Metrics don’t lie, but they can be misleading when they only tell IT’s side of the story

In this Help Net Security interview, Rik Mistry, Managing Partner at Interval Group, discusses how to align IT strategy with business goals. He explains how security, governance, and orchestration shape IT operations and why early collaboration between IT and security leaders leads to better outcomes. Mistry also shares his perspective on automation and emerging technologies.

When you assess an organization’s IT strategy, what’s the signal that the strategy is genuinely aligned with business outcomes, not just labeled that way on paper?

One of the first things we look at is how an organisation’s IT defines success. IT KPIs, metrics and targets that closely match their business counterparts are a sign that IT and business are pulling in the same direction. Depending on the industry, examples of these might be customer retention, website conversion rates or order-to-cash cycle time.

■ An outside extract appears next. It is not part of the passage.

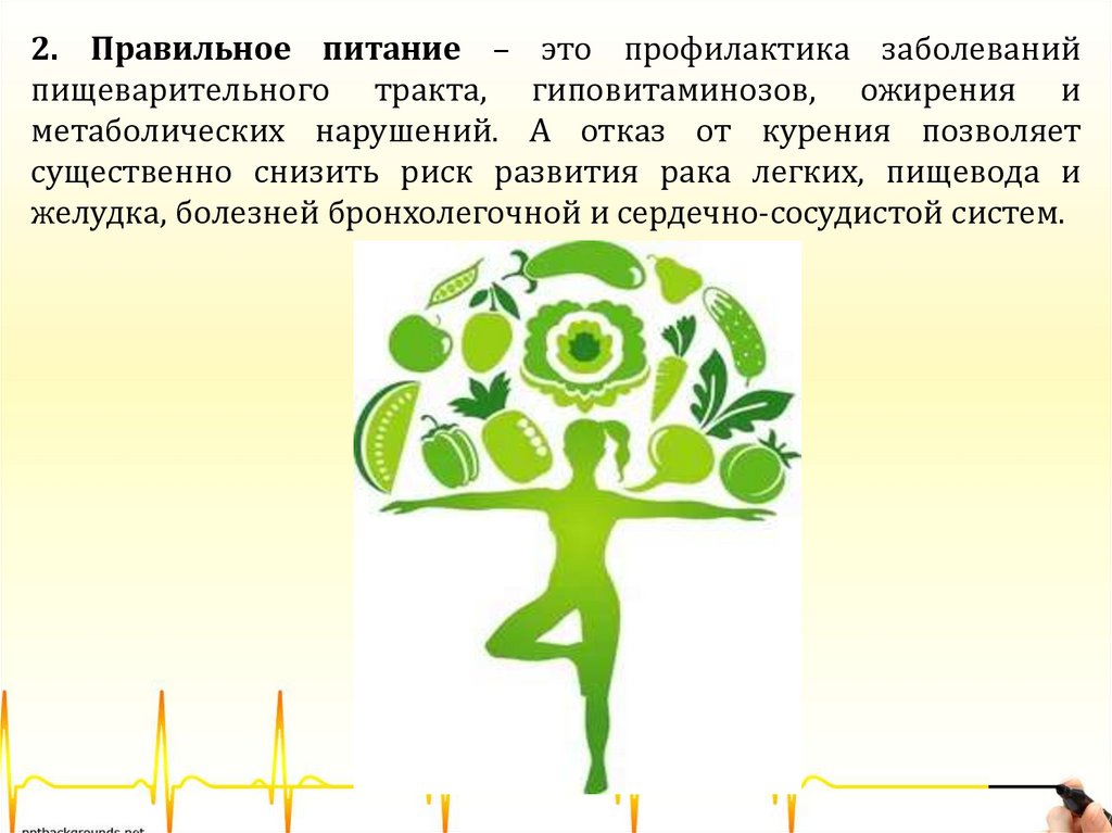 2. Правильное питание – это профилактика заболеванийпищеварительного тракта, гиповитаминозов, ожирения и

If a CIO is focused only on uptime and IT project delivery, the strategy isn’t fully aligned, as although these are important IT metrics, they’re not what the business is concentrating on. We design target operating and governance models where business and technology priorities are reviewed in the same forum and where product teams have both IT and business accountability.

A useful test is to ask business leaders how clearly they can describe the IT roadmap and vice versa. In well-aligned organisations, both sides can explain not just what is being delivered, but why it matters commercially. Where that connection is missing, our work often involves redefining value streams, clarifying ownership and reshaping incentives so that business outcomes drive technology priorities, not the other way around.

Many organizations are shifting from “owning” infrastructure to “orchestrating” it across cloud, on-prem, and SaaS ecosystems. What competencies do you see becoming non-negotiable for IT teams in that transition?

We’re seeing an increased shift of requests for infrastructure “owners” to “orchestrators”, requiring a different mix of competencies. Skills in platform and integration architecture, API governance, automation and cloud security have become non-negotiable alongside the ability to manage multi-cloud suppliers and service-level accountability across an often-fragmented ecosystem.

Successful orchestration also depends on financial and operational literacy, teams need to understand cost optimisation, compliance-by-design and how to maintain performance and resilience without direct ownership. That shift demands both technical breadth and strategic coordination.

While many organisations can embrace orchestration, those in critical infrastructure or highly regulated sectors still need to retain ownership of certain components, as the recent AWS outage reminded everyone, resilience and control are not optional.

CISOs and CIOs are often aligned in theory but misaligned in execution. What practical patterns distinguish organizations where security and IT operate as strategic partners rather than friction points?

The best partnerships happen when security is built into the approach, rather than added for compliance later. In practice, this means embedding security architects into product, project and infrastructure teams and treating security KPIs (e.g. time to patch or zero-trust coverage) as shared metrics across the CISO and CIO desks.

A few years ago, I led a global programme at one of the world’s largest enterprises to migrate to a cloud productivity platform. Bringing the CISO into the planning early was absolutely critical to its success. Those transparent discussions between the programme and security teams not only accelerated internal approval but also prompted the vendor to implement several product changes to meet the stringent compliance requirements of the DACH region. It was a great example of how involving security leaders early transforms them from “gatekeepers” into enablers of innovation.

Infrastructure automation promises efficiency but can also accelerate mistakes. How do you recommend organizations strike the right balance between automated workflows and human oversight?

We recommend automating repeatable, low-risk activities (e.g. provisioning, monitoring, compliance checks) but keeping human validation in high-impact workflows like production changes or incident response. Mature organisations combine automated enforcement with human review of exceptions. The goal is to use automation to surface decisions faster, not to remove decision-making entirely.

On infrastructure automation projects, we use an automation assessment model that classifies each process by risk, recurrence, and reversibility. If a task is high-risk or hard to reverse, we build in human approval checkpoints, while low-risk, high-frequency tasks move into automated workflows. This provides efficiency gains without eroding accountability or control.

When evaluating emerging technologies, what’s your framework for distinguishing between durable strategic value and short-term hype?

To evaluate emerging technologies, we focus on three key areas: business relevance, ecosystem maturity and organisational readiness. A technology has durable value when it improves core business outcomes, integrates well into existing processes and the organisation has the capability to adopt it responsibly. Hype technologies usually score high on optics / UX but low on operational readiness or proven return on investment. 

Personally, I like to look at whether it solves a recurring pain point or just adds novelty. I also factor in organisational size and maturity (what’s viable for a startup isn’t always realistic for a global enterprise) and I generally start from a position of scepticism, as most new technologies need several years of evolution before they’re enterprise ready.